### Entries supplied
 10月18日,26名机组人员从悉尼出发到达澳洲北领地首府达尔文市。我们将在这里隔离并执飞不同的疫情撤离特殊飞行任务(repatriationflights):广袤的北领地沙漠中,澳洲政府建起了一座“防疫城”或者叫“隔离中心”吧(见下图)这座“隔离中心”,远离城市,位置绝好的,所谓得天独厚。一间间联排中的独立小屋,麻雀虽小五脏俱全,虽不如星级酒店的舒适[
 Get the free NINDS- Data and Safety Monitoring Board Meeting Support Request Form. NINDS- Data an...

==

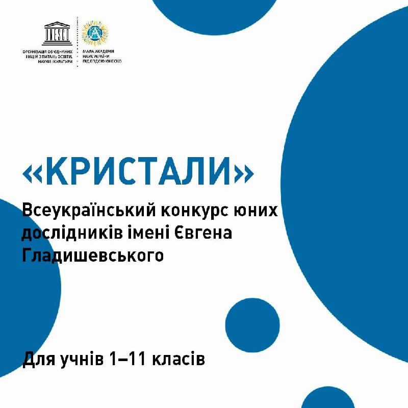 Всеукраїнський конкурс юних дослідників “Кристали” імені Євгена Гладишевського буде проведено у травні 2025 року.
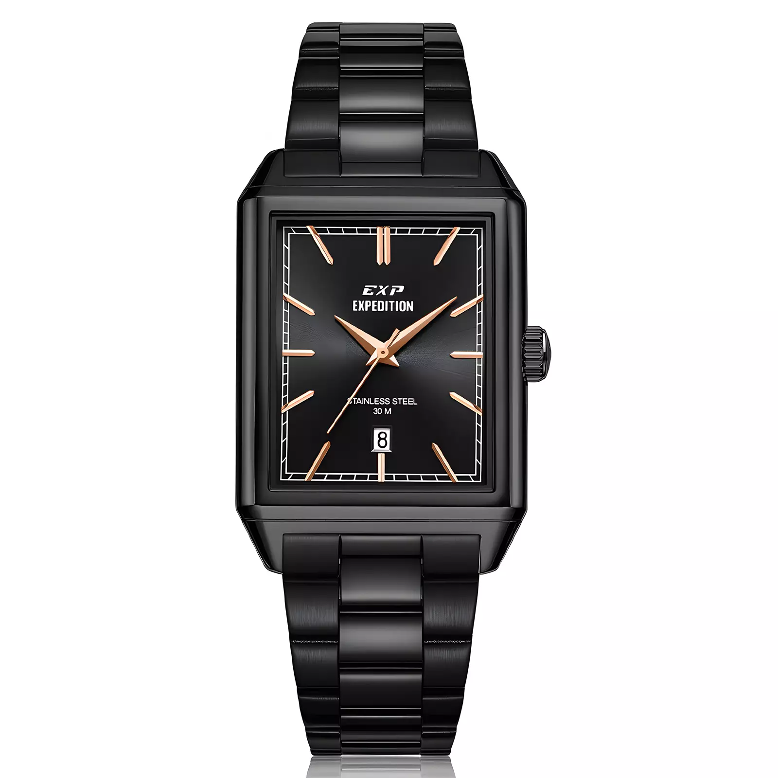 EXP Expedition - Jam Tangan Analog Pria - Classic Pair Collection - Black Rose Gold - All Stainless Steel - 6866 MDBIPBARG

### Exercise description
In the entries above, find the line that contains "Всеукраїнський конкурс юних" and the line that contains "EXP Expedition - Jam". Reproduce exactly those two lines and every line between them, but not the pictures.

### Solution
 Всеукраїнський конкурс юних дослідників “Кристали” імені Євгена Гладишевського буде проведено у травні 2025 року.
 EXP Expedition - Jam Tangan Analog Pria - Classic Pair Collection - Black Rose Gold - All Stainless Steel - 6866 MDBIPBARG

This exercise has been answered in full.